▶ [EXERCISE OBJECTIVE]: When you write out the listing, keep each word exactly as it stands but include none of its images.
═══ SOURCE DATA ═══
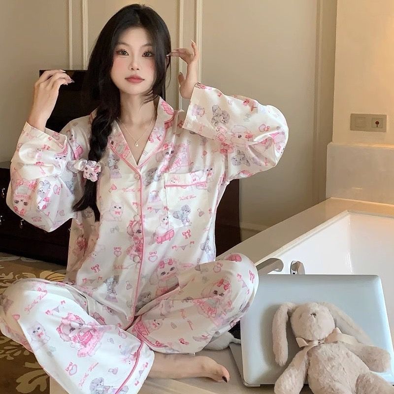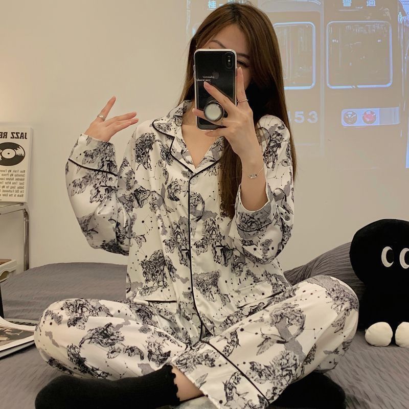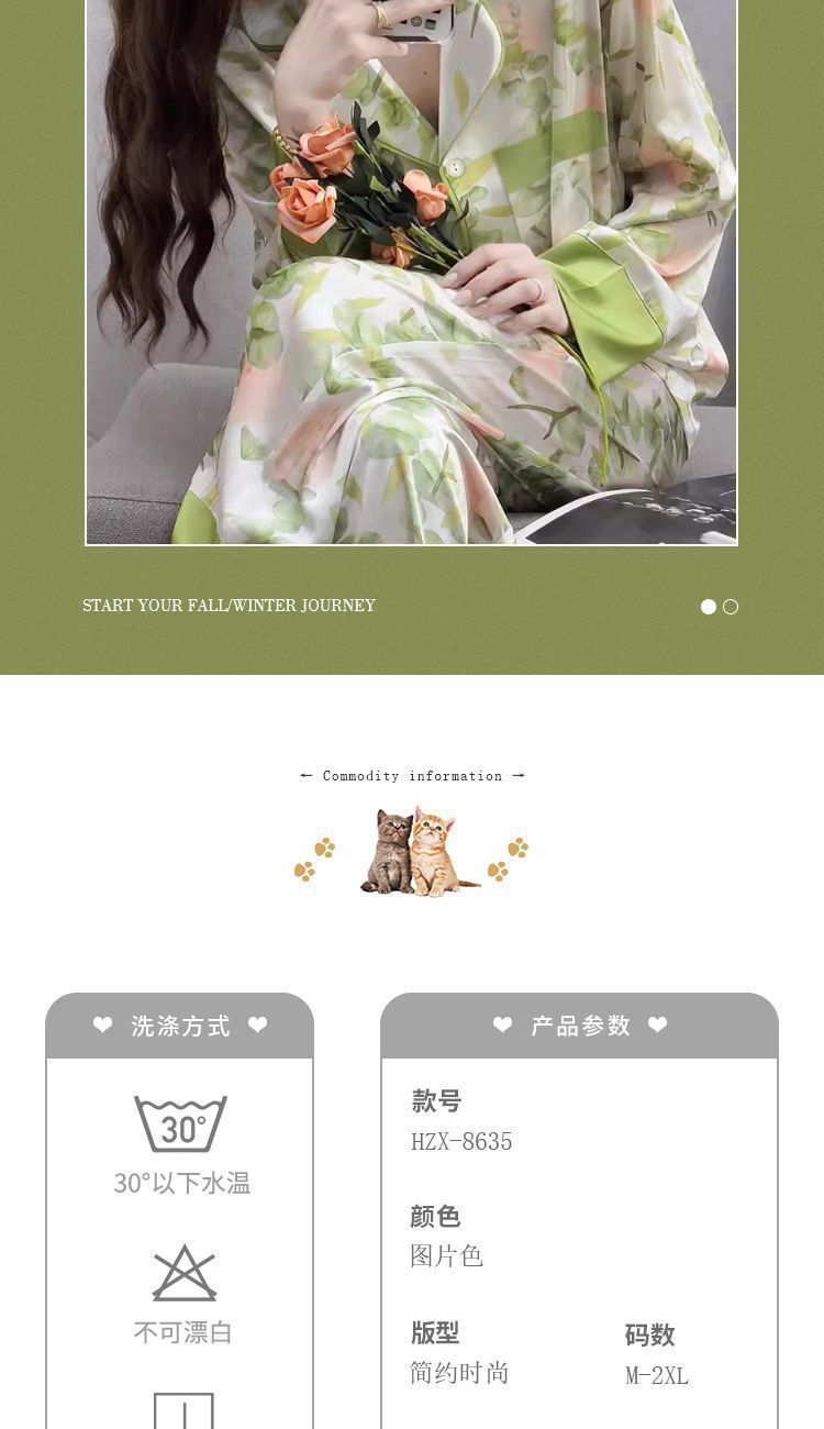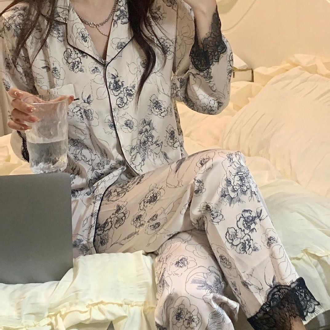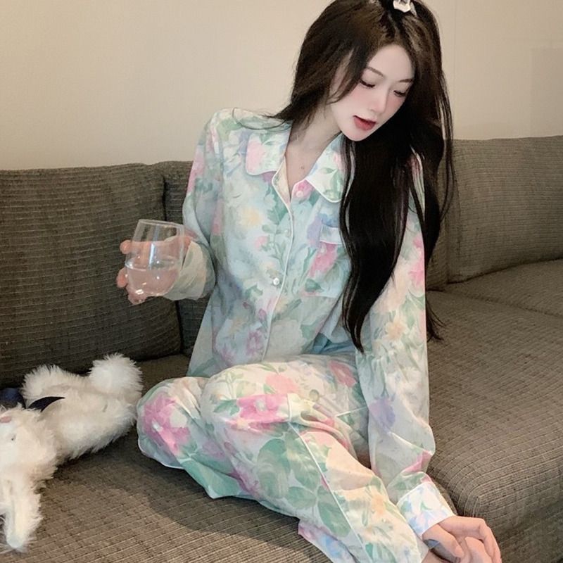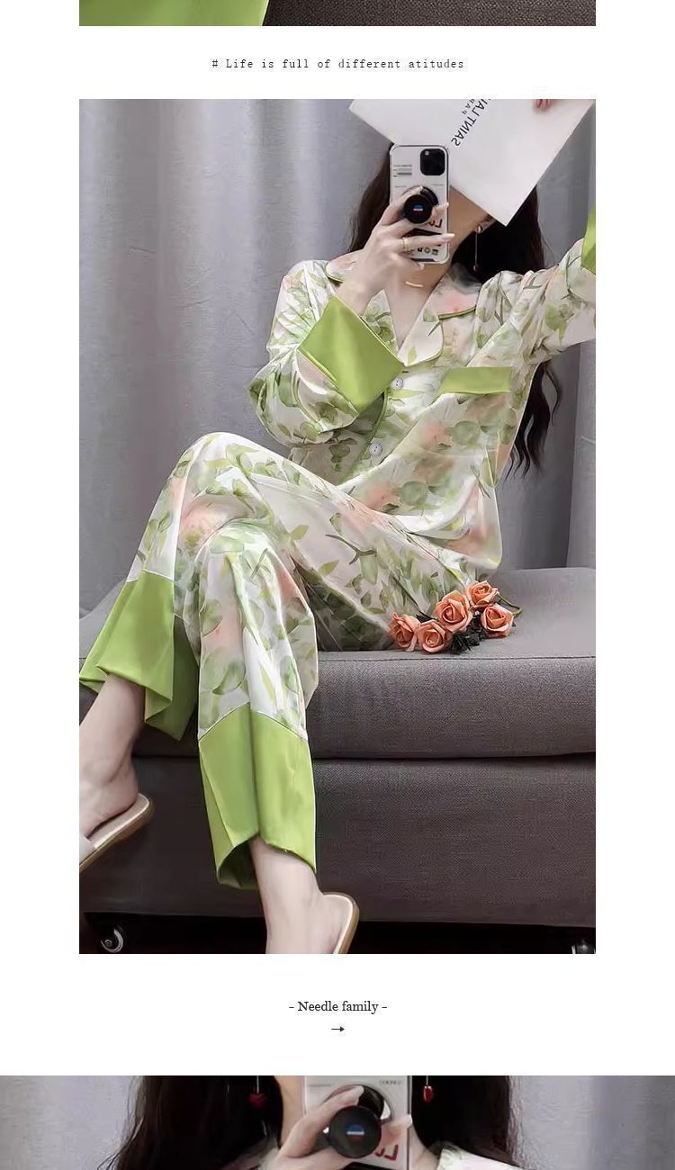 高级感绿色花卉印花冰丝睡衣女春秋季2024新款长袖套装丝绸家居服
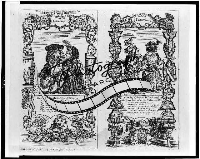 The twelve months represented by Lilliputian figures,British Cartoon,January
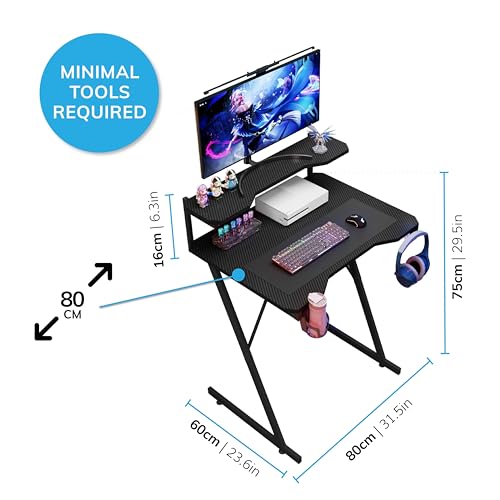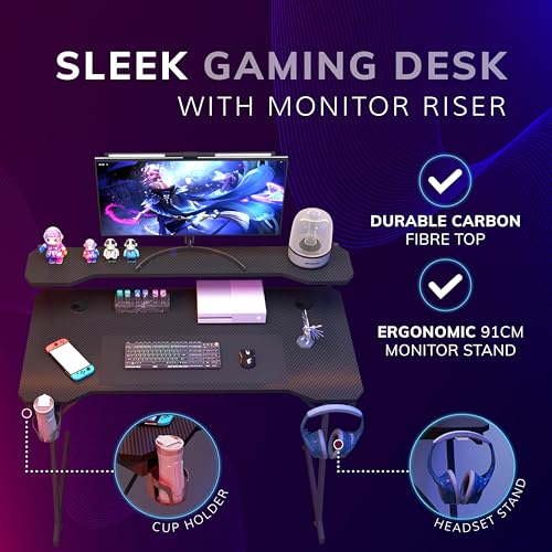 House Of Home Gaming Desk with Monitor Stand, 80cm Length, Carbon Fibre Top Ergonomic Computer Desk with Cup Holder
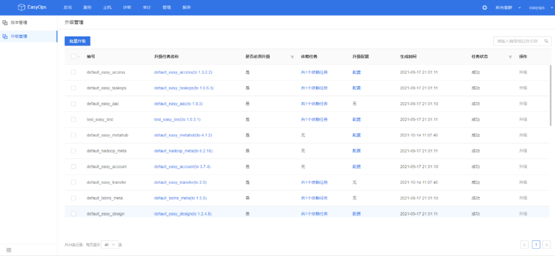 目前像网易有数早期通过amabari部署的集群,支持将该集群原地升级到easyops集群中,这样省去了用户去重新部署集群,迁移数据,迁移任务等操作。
═══
▶ [TASK SOLUTION]:
 高级感绿色花卉印花冰丝睡衣女春秋季2024新款长袖套装丝绸家居服
 The twelve months represented by Lilliputian figures,British Cartoon,January
 House Of Home Gaming Desk with Monitor Stand, 80cm Length, Carbon Fibre Top Ergonomic Computer Desk with Cup Holder
 目前像网易有数早期通过amabari部署的集群,支持将该集群原地升级到easyops集群中,这样省去了用户去重新部署集群,迁移数据,迁移任务等操作。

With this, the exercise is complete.